The finger of blame is being pointed firmly at the Chinese government for a global hacking campaign dubbed “Cloud Hopper” against big name firms in the IT services sector.
The hackers reportedly worked for China’s Ministry of State Security and sought to obtain commercial secrets from the customers of the IT service giants.
Reports that China supports its own hacking teams, or alternatively supports third party hackers, have been ongoing for a number of years now. Last year the scale of Chinese cyber offensive capabilities were exposed after an American security firm (Recorded Future) said the hackers had used computers at China’s Tsinghua University to target US energy and communications companies.
And now a Reuters investigation has revealed that the Cloud Hopper campaign was extensive, and has been taking place over a number of years.

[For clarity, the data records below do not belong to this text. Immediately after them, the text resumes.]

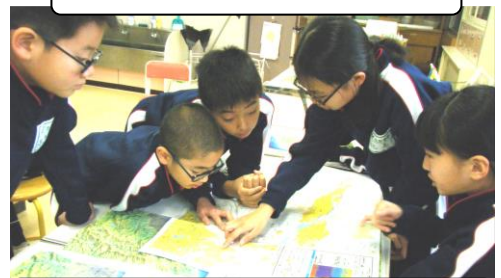
避難行動を考えるグループ学習
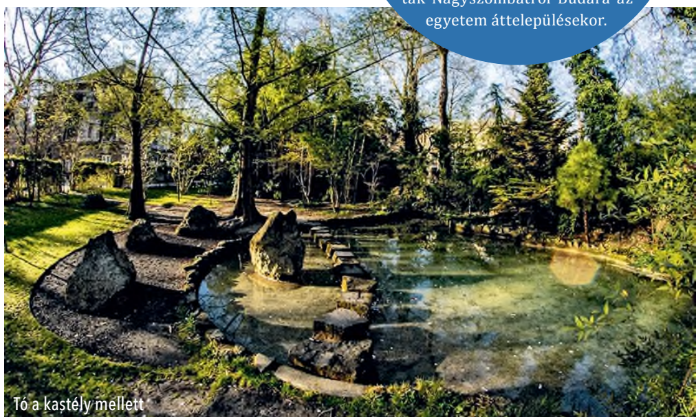
Tó a kastély mellett

A kastélyban most irodák, könyvtár, herbárium, és a magszoba található. Az emeleten az egykori lovagterem rendezvényhelyszínként működik, és kiállításoknak, koncerteknek, előadásoknak ad otthont. Falain még mindig jól láthatók a freskók nyomai. A Mária Terézia -korabeli régi szekrények is itt állnak, amelyeket állítólag tutajon szállítottak Nagyszombatról Budára az egyetem áttelepülésekor.
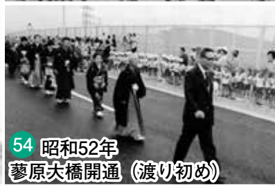
54 昭和52年 蓼原大橋開通 (渡り初め)
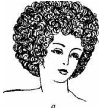
Рис. 5.7. Зачіски 30-х років ХХ ст.: а — перманент; б — варіант «російської» зачіски

У 30-ті роки чоловіки віддавали перевагу голеному обличчю. Лише чоловіки «елегантного віку» дозволяли собі носити невеликі бороди овальної або загостреної
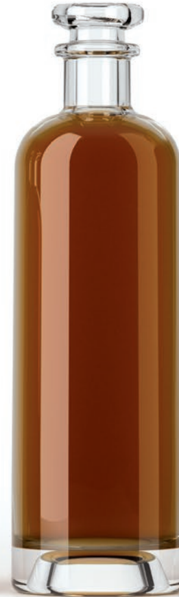
70 cl BOLD 75 cl BOLD

The campaign has been attributed to China by the United States and its Western allies.
According to Reuters, A US indictment in December outlined an elaborate operation to steal Western intellectual property in order to advance China’s economic interests but stopped short of naming victim companies.

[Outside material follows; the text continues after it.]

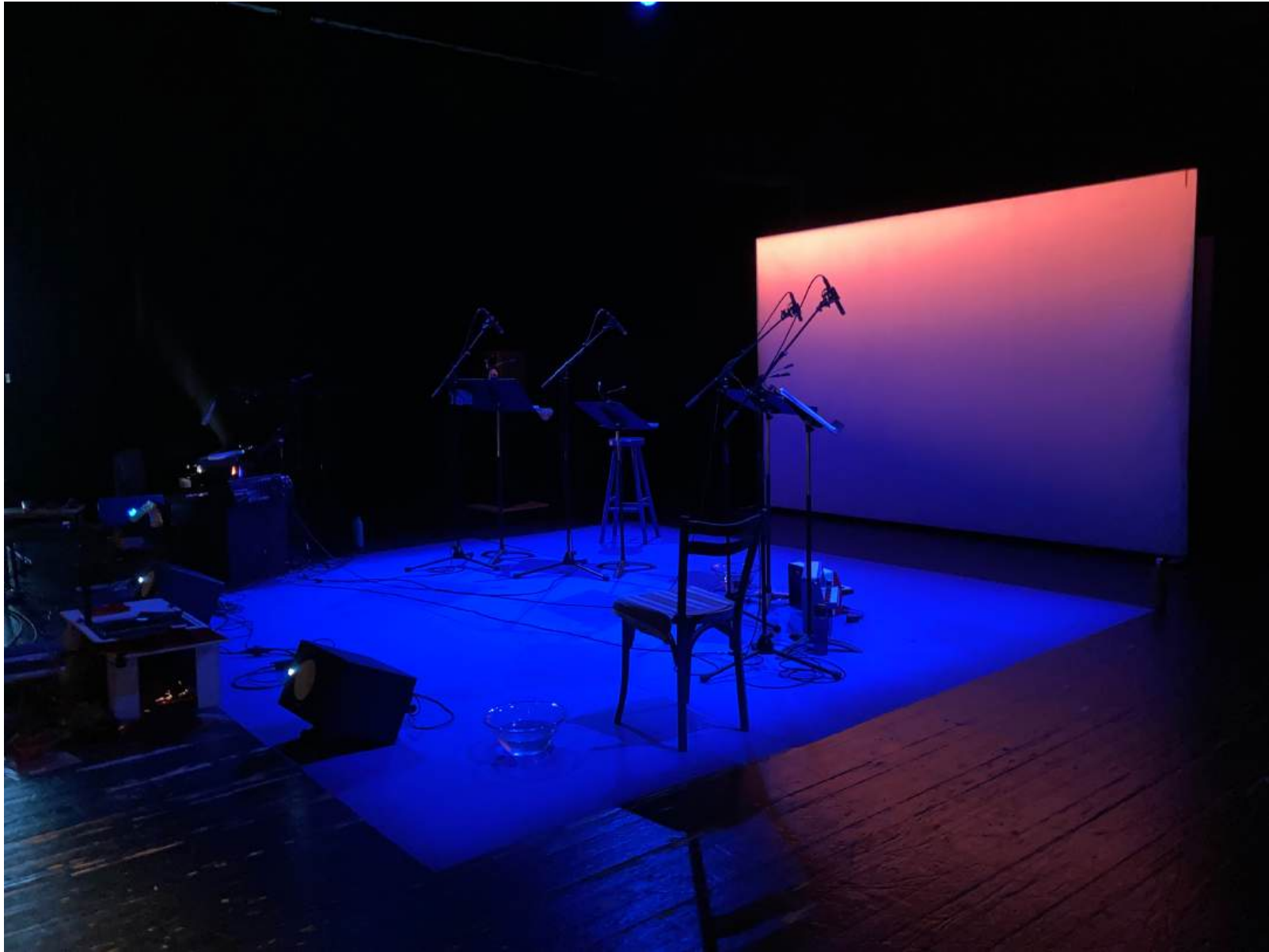
Le monde est rond – vue de l'installation / La Fonderie novembre 2025
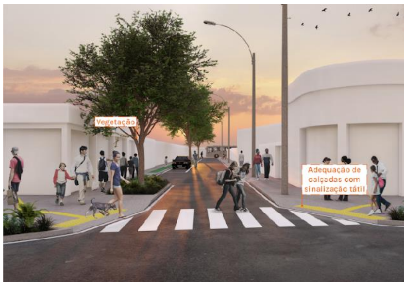
Figura 4 – Proposta Mario Miranda.

Resultado esperado: Obras de Reforma e Requalificação Urbana para o bairro do Alcântara, São Gonçalo/RJ.

But the Reuters report has identified two victims, namely Hewlett Packard Enterprise and IBM.
And Reuters also discovered that at least six other technology service providers were compromised. This includes Japan’s Fujitsu and NTT Data, India’s Tata Consultancy Services, South African Dimension Data, and US firms Computer Sciences Corporation and DXC Technology (HPE’s spun-off services arm).
The Reuters investigation also revealed other victims who were clients of the service providers. That list includes Swedish telecoms giant Ericsson, US Navy shipbuilder Huntington Ingalls Industries and travel reservation system Sabre.

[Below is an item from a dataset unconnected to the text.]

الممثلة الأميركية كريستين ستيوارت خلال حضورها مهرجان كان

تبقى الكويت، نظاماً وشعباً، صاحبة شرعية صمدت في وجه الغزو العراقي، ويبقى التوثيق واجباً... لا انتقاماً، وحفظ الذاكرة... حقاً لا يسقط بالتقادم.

HPE was quoted as saying that it worked “diligently for our customers to mitigate this attack and protect their information.”
DXC said it had “robust security measures in place” to protect itself and clients, neither of which have “experienced a material impact” due to Cloud Hopper.
NTT Data, Dimension Data, Tata Consultancy Services, Fujitsu and IBM declined to comment.
“This was a sustained series of attacks with a devastating impact,” said Robert Hannigan, former director of Britain’s GCHQ signals intelligence agency and now European chairman at cybersecurity firm BlueVoyant.
“This seems to have started with spear phishing emails and highlights with such ease how this sort of operation works,” explained Jake Moore, Cybersecurity Specialist at ESET.
“State sponsored or not, governments should be extremely vigilant with email links and attachments amongst their staff, let alone user rights,” said Moore. “Email acts as the first wall of defence and when in-house training is already second nature, cheap and easy to implement within law enforcement, there really is little excuse for this to occur.”
“Furthermore, any cloud based connectivity should include multi factor authentication to thwart such attacks from occurring,” said Moore. “These attackers are well aware of such vulnerabilities and will always be one step ahead. We need to realise that these sorts of threats are inevitable and we need to work to prevent them as best as possible.”
The Chinese Foreign Ministry meanwhile said Beijing opposed cyber-enabled industrial espionage.
“The Chinese government has never in any form participated in or supported any person to carry out the theft of commercial secrets,” it said in a statement to Reuters.
Chinese hackers such as the APT10 group for example have been identified by multiple sources as being responsible for an attack on mobile telecommunications providers that affected more than 10 companies around the world and resulted in the theft of gigabytes of data on highly targeted individuals.